To identify the spliceosome complex footprint that best predicts splicing outcome, we examined the relationship between unfolding energy and splicing outcome for 20 synonymous or intronic mutations in exon 10 and intron 10 (Figure 3—figure supplement 1A). These mutations are more likely to affect splicing (Supek et al., 2014; Lin et al., 2019) and structure (Sharma et al., 2019; Lin et al., 2016) than mutations that alter the protein sequence.

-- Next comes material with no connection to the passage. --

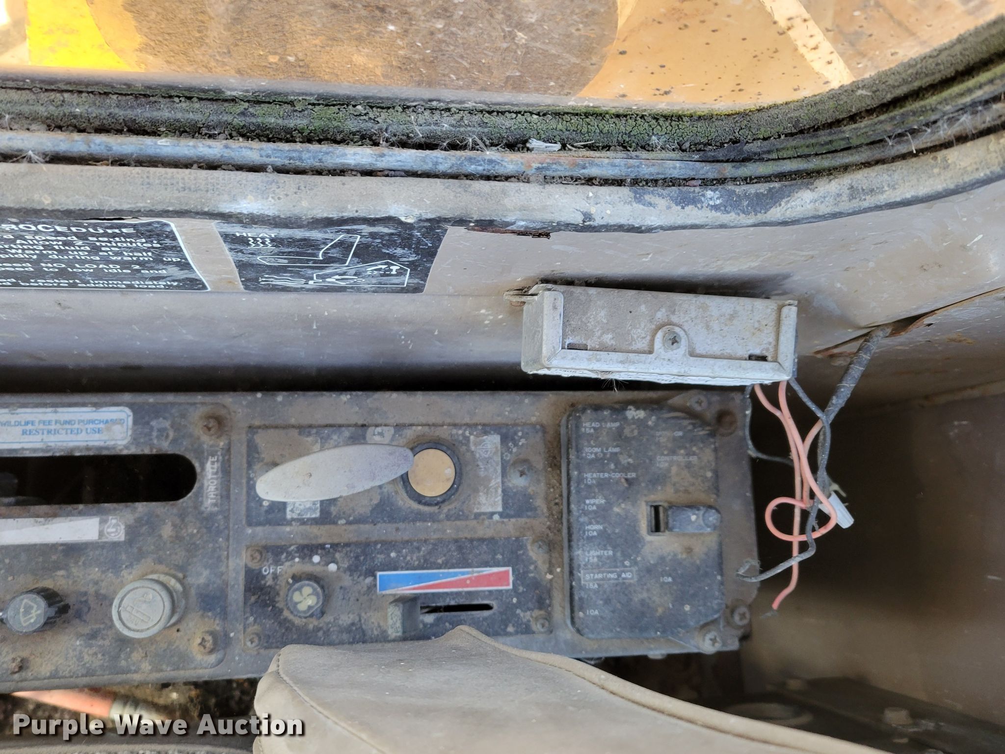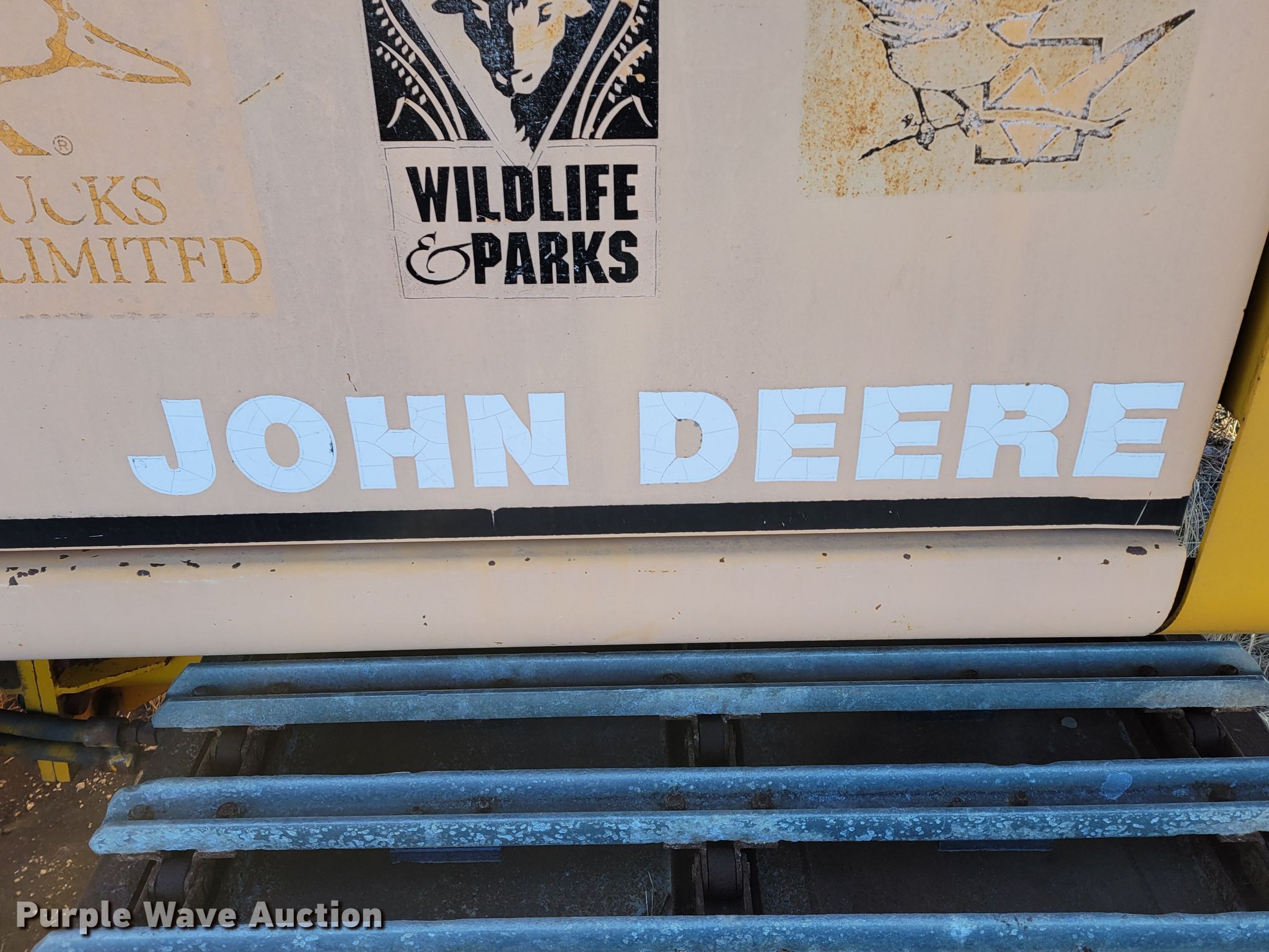 1988 John Deere 790D amphibious excavator. Hours: 4,898 on meter, Serial: CK790DL007631. Engine Cylinders: 6, Fuel type: Diesel. Transmission Hydrostatic, Two speed travel. Operators station Enclosed cab. Features Boom Standard, Stick Stick length: 12', Bucket Deere 35690-01, Capacity: 1.5 cu.yd., Width: 72", Cutting edge: Weld-on, Pontoons 64" H. Tracks Width: 57", Grouser pads: Double, Aluminum tracks. Notes Previously used for dredging, Unknown operating condition. Kansas Wildlife Parks & Tourism. 299 Marsh Trail. Jamestown, KS 66948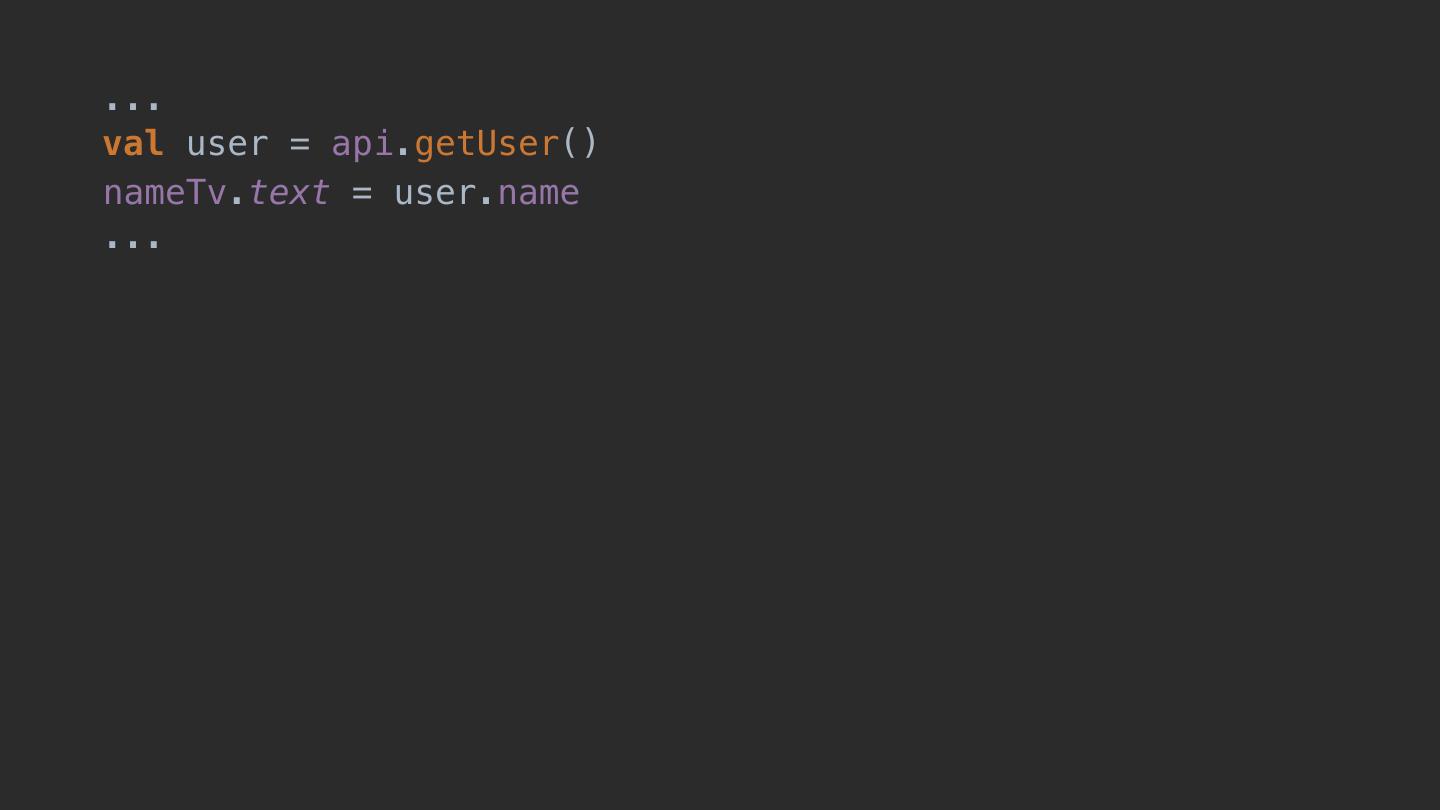 12 .... val user = api.getUser() nameTv.text = user.name ...

The distribution of ΔG of unfolding of the 5’ splice site in the presence of these mutations was correlated with exon 10 PSI (Figure 3—figure supplement 1B). We then calculated the ΔG of unfolding of the RNA for regions overlapping the 5’ splice site that correspond to the footprints of each of the four spliceosome intermediates. Features of the unfolding ΔG distribution, including mean and SD, were then used in a β-regression to predict exon 10 PSI (Materials and methods; Equation 2). Unfolding larger regions around the 5’ splice site improved the predictive power of the model, and the Bact complex footprint yielded the best prediction accuracy (R2=0.89; Figure 3B). Crucially, we found that using features of the distribution of unfolding ΔG in the structural ensemble produced greater predictive power than simply using the unfolding ΔG of a single minimum free energy structure, supporting the importance of RNA ensemble behavior to splicing outcome (Figure 3—figure supplement 1C). We performed bootstrapping cross-validation and confirmed that unfolding the RNA within the Bact spliceosome complex yielded the best prediction (Figure 3C). Synonymous mutations that alter exon 10 inclusion lie a mean distance of 54 nucleotides from the exon-intron junction, whereas those in the intron are a mean of 14 nucleotides from the junction. The variation in bootstrapped correlation coefficients decreased as a larger region around the exon-intron junction was unfolded, suggesting that the synonymous mutations affect distal structures.

We then tested the structural ensemble-based model on an additional 24 non-synonymous and compensatory mutations found in exon 10 and intron 10. Compensatory mutations are double mutations that were designed to rescue changes in exon 10 splicing caused by a single mutation (Grover et al., 1999). Although the model performed well for compensatory mutations (median bootstrapped R2=0.76), it yielded significantly less accurate predictions for non-synonymous mutations (median bootstrapped R2=−0.21) (Figure 3—figure supplement 1D, E). One clear limitation of this structure-only model is that it does not account for the effects of mutations on potential splicing regulatory elements (SREs) in the sequence, which are also known to control alternative splicing (Wang and Burge, 2008).

Consideration of motif strengths of SREs improves prediction of exon 10 PSI for non-synonymous mutations

Exon 10 splicing is highly regulated by differential binding of RBPs to cis-SREs within exon 10 and intron 10 (Qian and Liu, 2014). The expression patterns of RBPs known to bind MAPT pre-mRNA vary across tissues and individuals (Figure 1—figure supplement 3) and are not predictive of exon 10 PSI. Additionally, while our structure-only model performs moderately well for 47 mutations (R2=0.74) (Figure 4—figure supplement 1A, see Supplementary file 2 for further details about mutations), the structure-only model performs particularly poorly for non-synonymous mutations (median bootstrapped R2=–0.21, Figure 4—figure supplement 1A). Hence, we hypothesized that consideration of mutation-induced changes in binding of SREs might improve our model. We identified SREs by similarity to reported general enhancer and silencer hexamer motifs (Fairbrother et al., 2002; Wang et al., 2004a; Wang et al., 2012; Wang et al., 2013) (Materials and methods) and calculated changes to splice site, enhancer, and silencer motif strengths due to mutations (Figure 4A; Materials and methods). We found that using splice site strength as the sole predictor yielded poor prediction of exon 10 PSI for all mutation categories (Figure 4B; Equation 4). There was a weak positive correlation between PSI and enhancer strength and a significant negative correlation between PSI and silencer strength (Figure 4 and Figure 4—figure supplement 1B). When exon 10 PSI was modeled with the changes to the motif strength of all SREs, prediction accuracy increased (R2=0.51; Figure 4C) compared with that obtained when only splice site strength was considered (R2=0.29); for non-synonymous mutations accuracy was even higher (R2=0.75).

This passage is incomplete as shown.